Die tXET-B1(Tomaten-XET-Klon B1)-Transkriptgehalte wurden durch RNAse-Protektionsanalyse
bestimmt. Eine Antisense-tXET-B1-spezifische Sonde wurde durch Inkubieren
von HindII-linearisiertem ptXET-B1-Plasmid mit 1 μl T3-RNA-Polymerase in Anwesenheit
von 0,5 mM rATP/rGTP/rCTP, 5 nM UTP, 50 μCi32P-UTP
(800 Ci/mMol), 1 μl
RNase-Inhibitor und 2 μl
Reaktionspuffer (Ambion probe Synthesis kit) in einem End-Reaktionsvolumen
von 20 μl
für 1 Stunde
bei 25°C
synthetisiert. Nach DNase-Verdau und Phenol/Chloroform-Extraktion
wurde die Sonde durch Ethanolpräzipitation
gewonnen. Eine 105cpm-markierte Probe wurde
mit 5 μg
gesamt-RNA inkubiert und die RNase-Protektionsanalyse wurde unter
Verwendung eines RPAII-Kits durchgeführt, der von Ambion bezogen
wurde. Die geschützte
Sonde wurde durch Denaturieren der Gelelektrophorese quantifiziert,
gefolgt von Analyse auf einem Molecular Dynamics PhosphorImager.
Die höchsten
Grade an tXET-B1-Transkripten
wurden in Fruchtwänden
gefunden, wobei die Gehalte während
der Reifung anstiegen und ihren Höhepunkt bei rosafarbenen Früchten fanden.

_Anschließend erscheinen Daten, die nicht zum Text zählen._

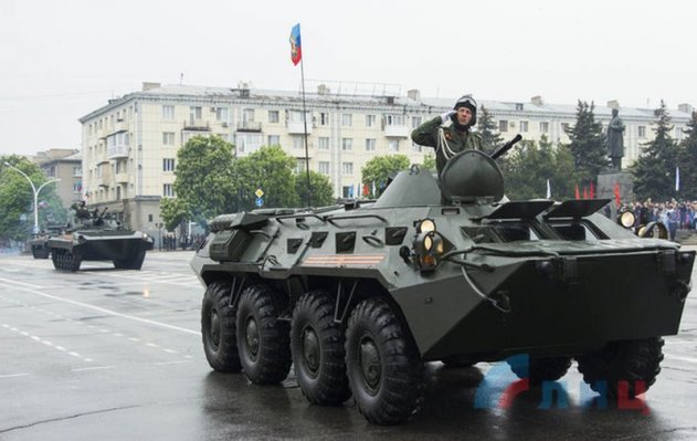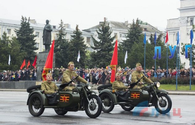 Парад военной техники и вооружения, как и в Донецке, возглавил танк Т-34 в сопровождении военных мотоциклов времен Великой Отечественной войны.

Maximale Gehalte im Stamm (äquivalent
zu den Gehalten, die in reifen grünen Früchten gefunden werden) , wurden
etwa 10 cm von der Spitze einer 30 cm-Pflanze entfernt gefunden.

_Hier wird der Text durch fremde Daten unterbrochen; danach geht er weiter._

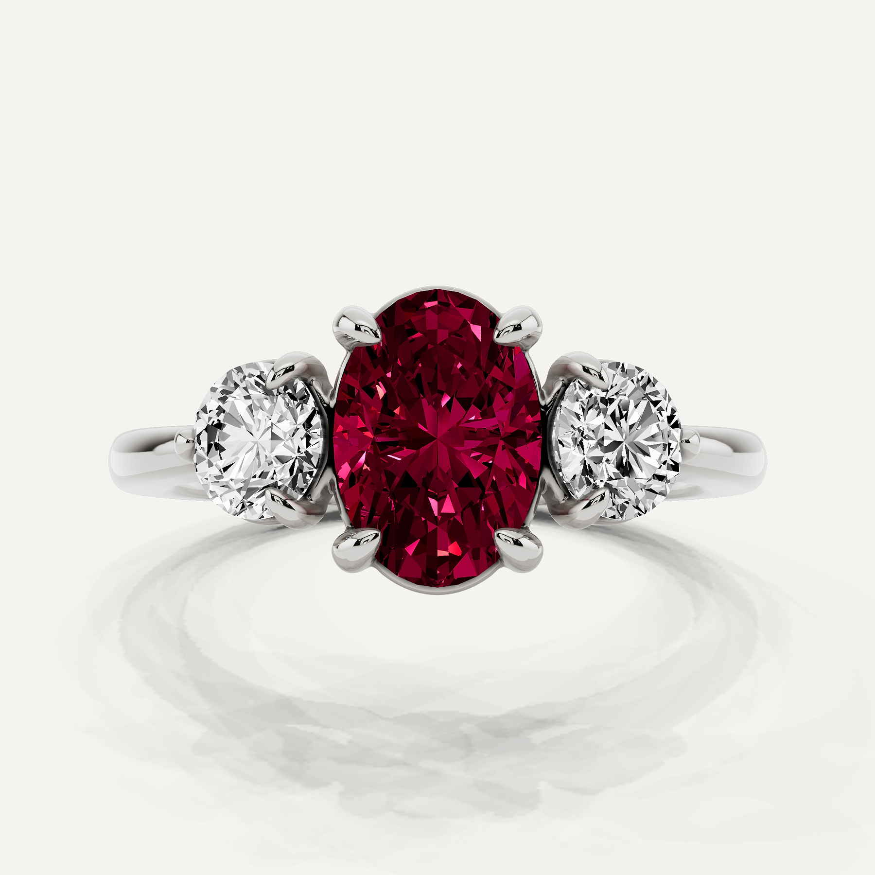 1 5/8 ctw Oval Created Ruby Three Stone Engagement Ring

Niedrigere Gehalte an tXET-B1-Transkript
wurden in Blättern
gefunden, wobei in den Wurzeln nur vernachlässigbare Gehalte gefunden wurden.
Die Unterschiede in den Aktivitätsmustern
und dem Grad der Transkription legen nahe, dass entweder die gesamte XET-Aktivität durch
einen Satz differentiell exprimierter Gene kodiert wird, oder dass
die selektive Isolation von Isoformen bei 0,2 M Phosphat auftritt.
Das Muster der Expression von tXET-B1 legt nahe, dass diese Isoform bei
der Reifung von Früchten
involviert sein könnte.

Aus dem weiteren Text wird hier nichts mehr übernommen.